[Start of Attachment]
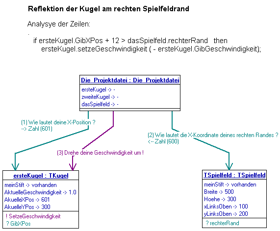 Zur Verdeutlichung der zentralen Stellung der Projektdatei analysieren wir noch einmal die Reflektion der Kugel am rechten Spielfeldrand. Hierfür erstellen wir ein Botschaftsdiagramm. In einem Botschaftsdiagramm sind nicht Klassen sondern Objekte und der Nachrichtenaustausch zwischen ihnen dargestellt: Die Pfeile stellen Nachrichten - Aufträge oder Anfragen - dar, deren Reihenfolge durch die Nummern am Anfang klargestellt wird:
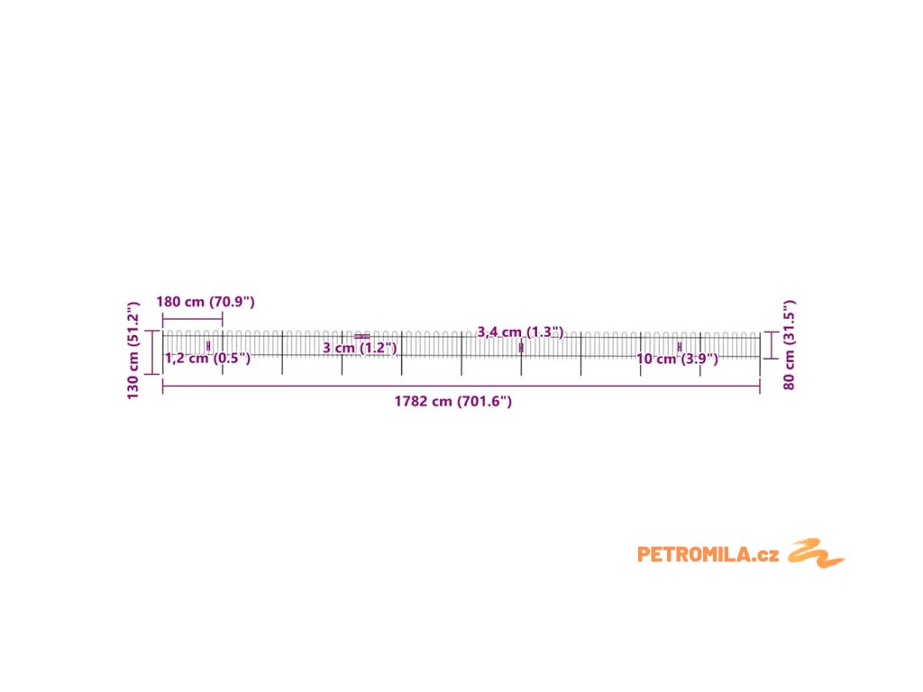 Zahradní plot s obloukem nahoře ocelový 1781,5 x 80 cm černý
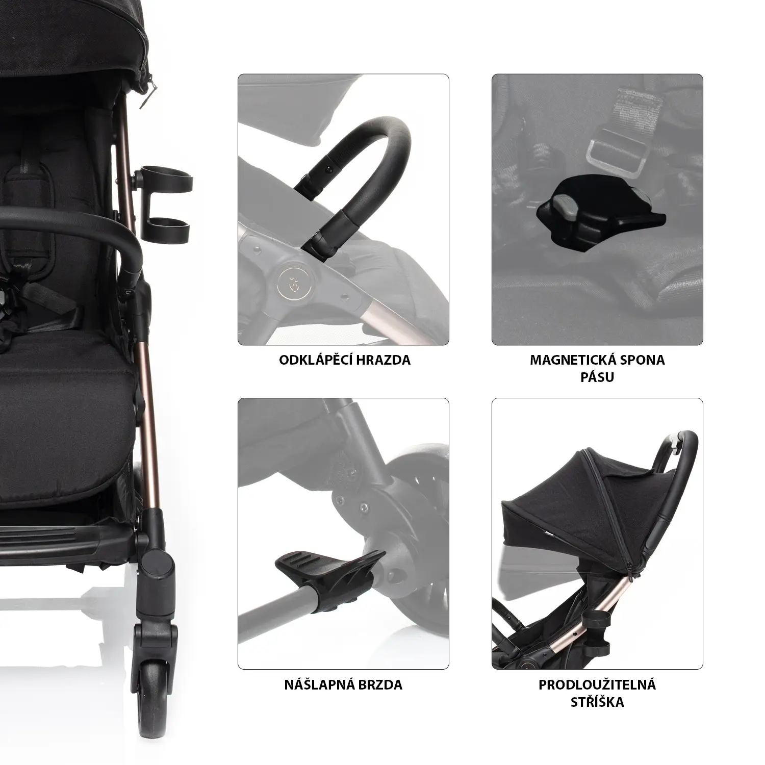 Mäkké športové sedadlo je vybavené 5-bodovým bezpečnostným pásom s magnetickou sponou. Hrazda kočíka sa dá sklopiť, aby sa dieťa ľahšie usadilo. Rozšíriteľná strieška s vetracím okienkom chráni dieťa pred slnkom a vetrom. Súčasťou balenia je aj košík, ktorý unesie až 3 kg predmetov potrebných na cestách.
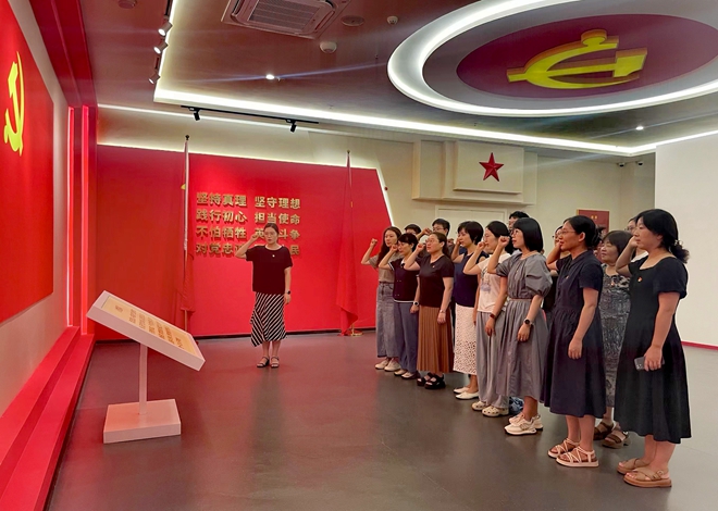 延安,中国革命的圣地,十三载峥嵘岁月,孕育了永放光芒的延安精神。作为中国共产党人的精神谱系中最具代表性的重要精神之一,延安精神则是中国共产党伟大建党精神在延安时期的结晶。党员们教师们参观了延安精神展示馆,再次重温了实事求是、理论联系实际、全心全意为人民服务和自力更生艰苦奋斗的延安精神。当党员教师们站在由多媒体手段复原的壶口瀑布前,滚滚江水如万马奔腾,耳边响起《黄河大合唱》的嘹亮歌声时,大家仿佛来到了陕北的红色热土,感受着中华儿女不屈不挠、保家卫国的信心与决心。延安时期是我们党领导的中国革命事业从低潮走向高潮、实现历史性转折的时期。在解说员的解说引导下,在一份份文件、一件件实物、一幕幕实景、一段段表演前感受历史、淬炼精神,深刻体悟了红色延安的感人故事,感受了共产党人的精神追求。最后,在行政党支部书记张青的带领下,在鲜红的党旗前,全体党员一起重温了入党誓词,以铿锵有力的誓言表达接续奋斗的坚定信念。
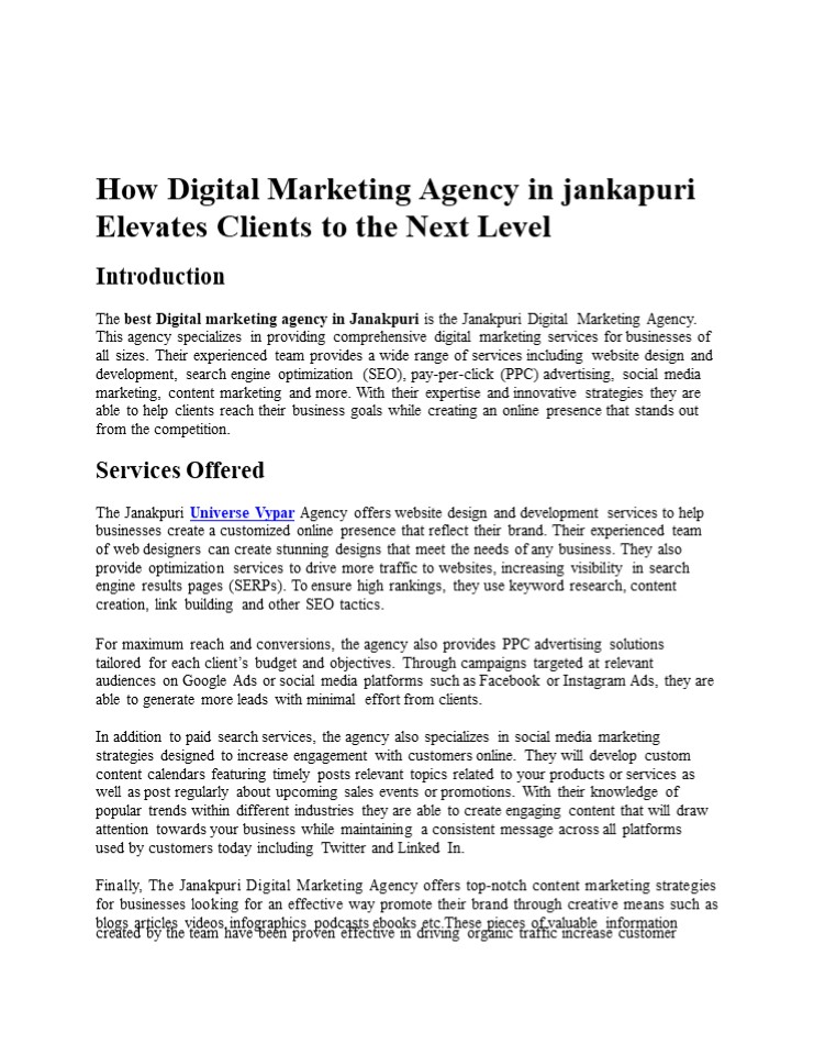 The Janakpuri Digital Marketing Agency offers
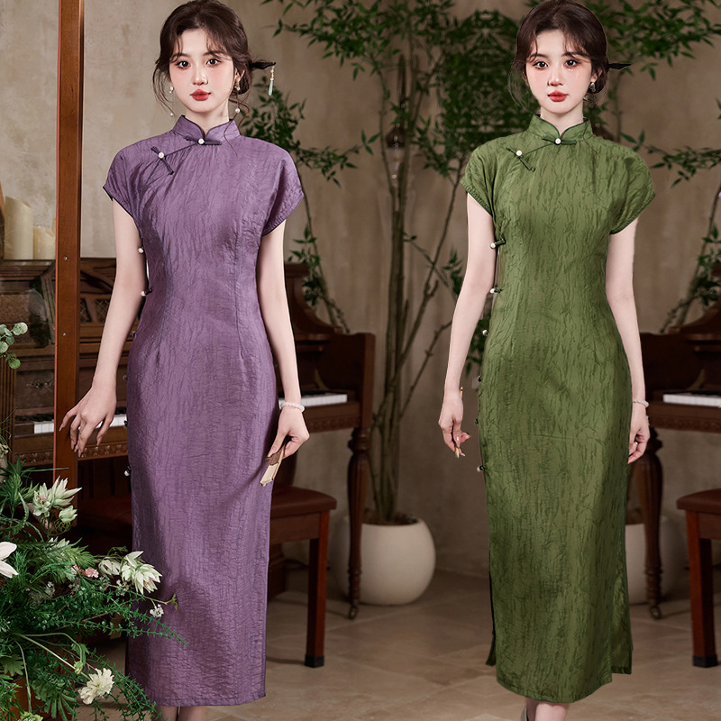 Cheongsam Model Panjang Sutra Nylon Model Musim Semi dan Musim Panas 2025 Gaun Sehari-hari Terlihat Langsing Membentuk Tubuh Gaun Wanita Pakaian Wanita Lapisan Tunggal
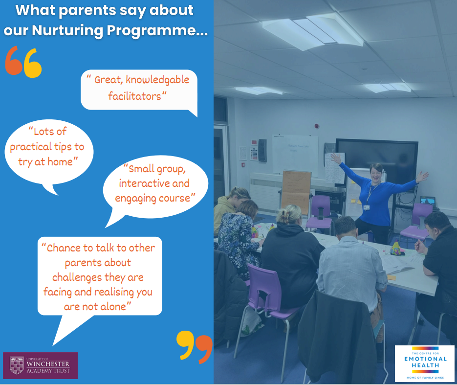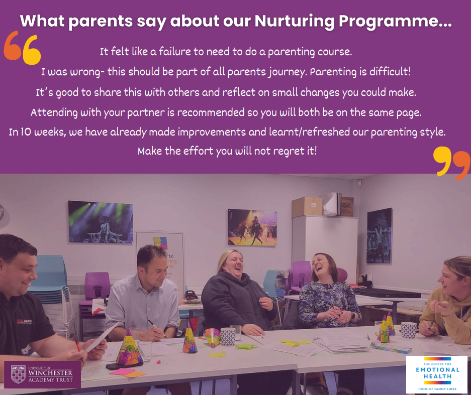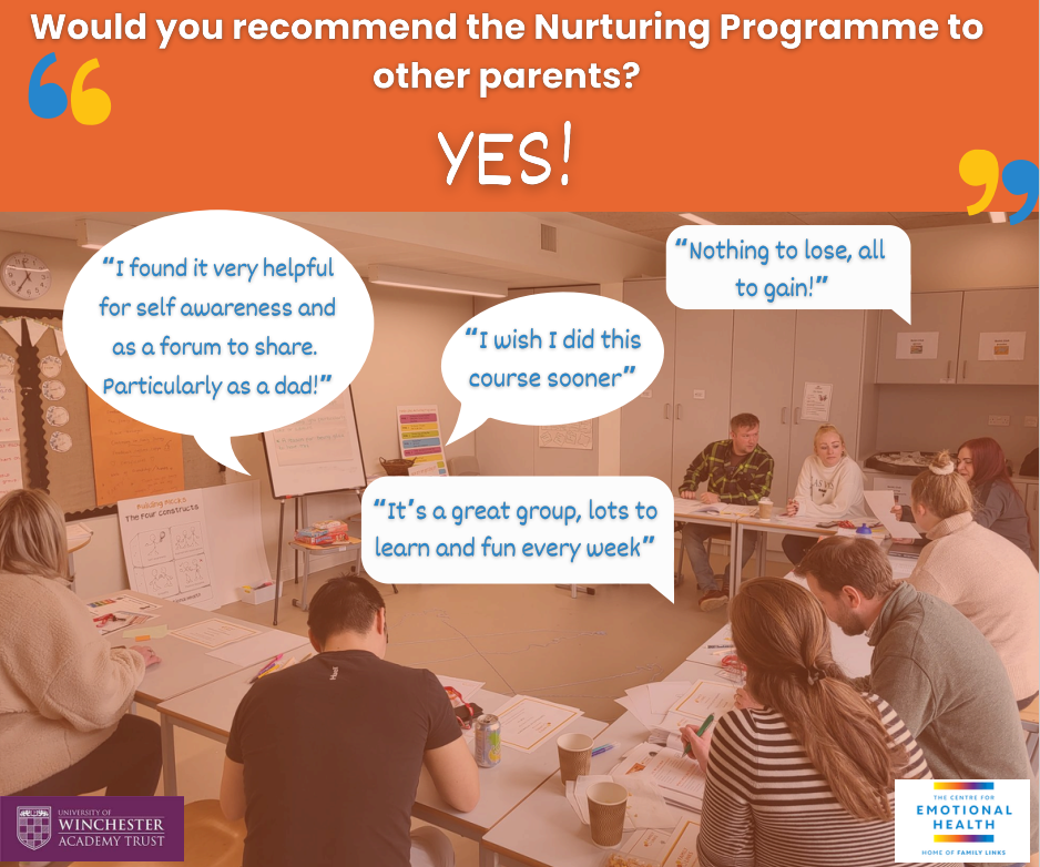 The Nurturing Programme is a 10-week parenting group that aims to empower parents and carers to build positive relationships, encourage co-operative behaviour and develop resilience, empathy and self-esteem in themselves and their children.
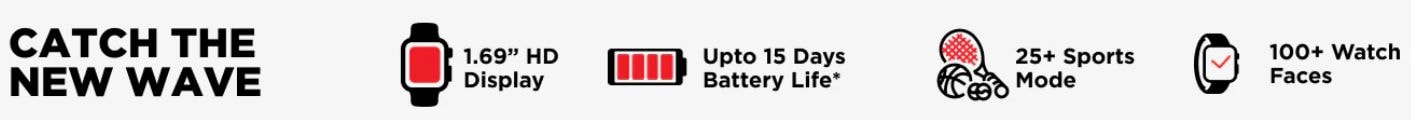 On to the next! Wave Voice brings you top of the line features. With Bluetooth calling, stay on the line with your loved ones while on the go. Enter a world full of colours with its 4.29 cm (1.69 inch) HD display and 2.5D curved touch display. Wave Voice comes with 10 days of charge to keep you going. Wave Voice is equipped with a heart-rate & SpO2 monitor, sedentary & hydration alerts, and more to keep you in tip-top shape . Let your Voice be heard!
[End of Attachment]
Return the entries above in full and unchanged, omitting every image.

(Task output):
 Zur Verdeutlichung der zentralen Stellung der Projektdatei analysieren wir noch einmal die Reflektion der Kugel am rechten Spielfeldrand. Hierfür erstellen wir ein Botschaftsdiagramm. In einem Botschaftsdiagramm sind nicht Klassen sondern Objekte und der Nachrichtenaustausch zwischen ihnen dargestellt: Die Pfeile stellen Nachrichten - Aufträge oder Anfragen - dar, deren Reihenfolge durch die Nummern am Anfang klargestellt wird:
 Zahradní plot s obloukem nahoře ocelový 1781,5 x 80 cm černý
 Mäkké športové sedadlo je vybavené 5-bodovým bezpečnostným pásom s magnetickou sponou. Hrazda kočíka sa dá sklopiť, aby sa dieťa ľahšie usadilo. Rozšíriteľná strieška s vetracím okienkom chráni dieťa pred slnkom a vetrom. Súčasťou balenia je aj košík, ktorý unesie až 3 kg predmetov potrebných na cestách.
 延安,中国革命的圣地,十三载峥嵘岁月,孕育了永放光芒的延安精神。作为中国共产党人的精神谱系中最具代表性的重要精神之一,延安精神则是中国共产党伟大建党精神在延安时期的结晶。党员们教师们参观了延安精神展示馆,再次重温了实事求是、理论联系实际、全心全意为人民服务和自力更生艰苦奋斗的延安精神。当党员教师们站在由多媒体手段复原的壶口瀑布前,滚滚江水如万马奔腾,耳边响起《黄河大合唱》的嘹亮歌声时,大家仿佛来到了陕北的红色热土,感受着中华儿女不屈不挠、保家卫国的信心与决心。延安时期是我们党领导的中国革命事业从低潮走向高潮、实现历史性转折的时期。在解说员的解说引导下,在一份份文件、一件件实物、一幕幕实景、一段段表演前感受历史、淬炼精神,深刻体悟了红色延安的感人故事,感受了共产党人的精神追求。最后,在行政党支部书记张青的带领下,在鲜红的党旗前,全体党员一起重温了入党誓词,以铿锵有力的誓言表达接续奋斗的坚定信念。
 The Janakpuri Digital Marketing Agency offers
 Cheongsam Model Panjang Sutra Nylon Model Musim Semi dan Musim Panas 2025 Gaun Sehari-hari Terlihat Langsing Membentuk Tubuh Gaun Wanita Pakaian Wanita Lapisan Tunggal
 The Nurturing Programme is a 10-week parenting group that aims to empower parents and carers to build positive relationships, encourage co-operative behaviour and develop resilience, empathy and self-esteem in themselves and their children.
 On to the next! Wave Voice brings you top of the line features. With Bluetooth calling, stay on the line with your loved ones while on the go. Enter a world full of colours with its 4.29 cm (1.69 inch) HD display and 2.5D curved touch display. Wave Voice comes with 10 days of charge to keep you going. Wave Voice is equipped with a heart-rate & SpO2 monitor, sedentary & hydration alerts, and more to keep you in tip-top shape . Let your Voice be heard!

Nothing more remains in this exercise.